Dancing bears, stars, pity—the author of War and Peace would no doubt greet that imagery with a
knowing nod. “If the world could write by itself, it would write like Tolstoy,”
said Isaac Babel.
“The
years teach much which the days never know,” said Emerson; they gather to
themselves our hopes and fears, faiths and failures, loyalties and memories,
allowing the past to assume an almost institutional presence, a corpus of
authority and belief that guides—knowingly or unconsciously—our thought and
action.
The
days, meanwhile, come and go stealthily, like playful, errant, elusive gods,
slipping away before we have time to apprehend them.
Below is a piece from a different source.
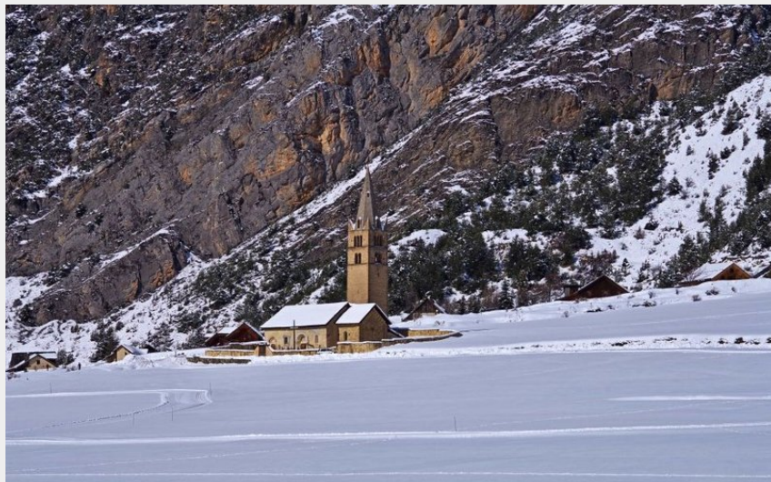
Devant la falaise de la Viste et l'église Sainte-Cécile (Norman Lancelot)

Our attention can never
pay enough tribute to these local deities, to the surprise and the routine of
their daily incarnation, and never fix, except in the static glimpse of words
or pictures, the fleeting hours.
1 Pervasive enough to be invisible, powerful enough to disrupt, if not destroy, the shape and substance of our lives, weather is a wonder worthy of our admiration (if not, indeed, our worship). Yet the weather comes and goes so quickly our direct regard of it seldom relaxes into a steady contemplation of the lessons it may carry. The natural landscape remembers the weather’s whims, of course, but (except after the most extreme outbursts) wears them with such nonchalance we hardly notice.
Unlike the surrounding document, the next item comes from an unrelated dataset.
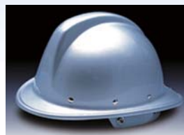
消防用ヘルメット
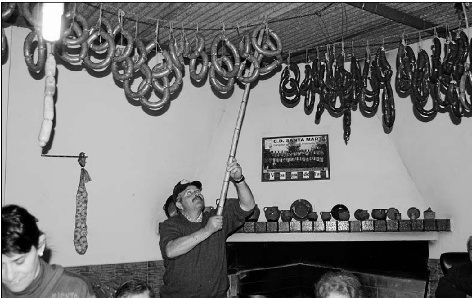
De dos en dos los embutidos se van colgando para que se curen bien

2 A good portion of wisdom is the knowledge that truth is never a fact but always a force; it arrives in our lives like the weather, assured and unpredictable, a resource and a danger.
Is there a watching in the world—a wakefulness—attentive to our thoughts and deeds? All of us, at one time or another, have intuited such intent to some vague presence outside ourselves. The feeling can be provoked—quite readily, in fact—by a landscape (a sylvan setting might provide it, or any spring or fall of water), for there are places that seem alive with apprehensions, as if things gone are still waiting there. Often we can sense such strange advertence to our being in the suspended animation of a fully-moonlit night, or in the eerie surround of profound quiet. Silence can seem so alert. We could assign our sensitivity to mere anxiety, but there are times, I’m certain, when our anxiety is summoned by an unseen audience. In the shadow of its vigilance (whatever its meaning, intention, or intelligence), the very idea of the holy takes root, as the world urges us to repay its watchfulness in kind.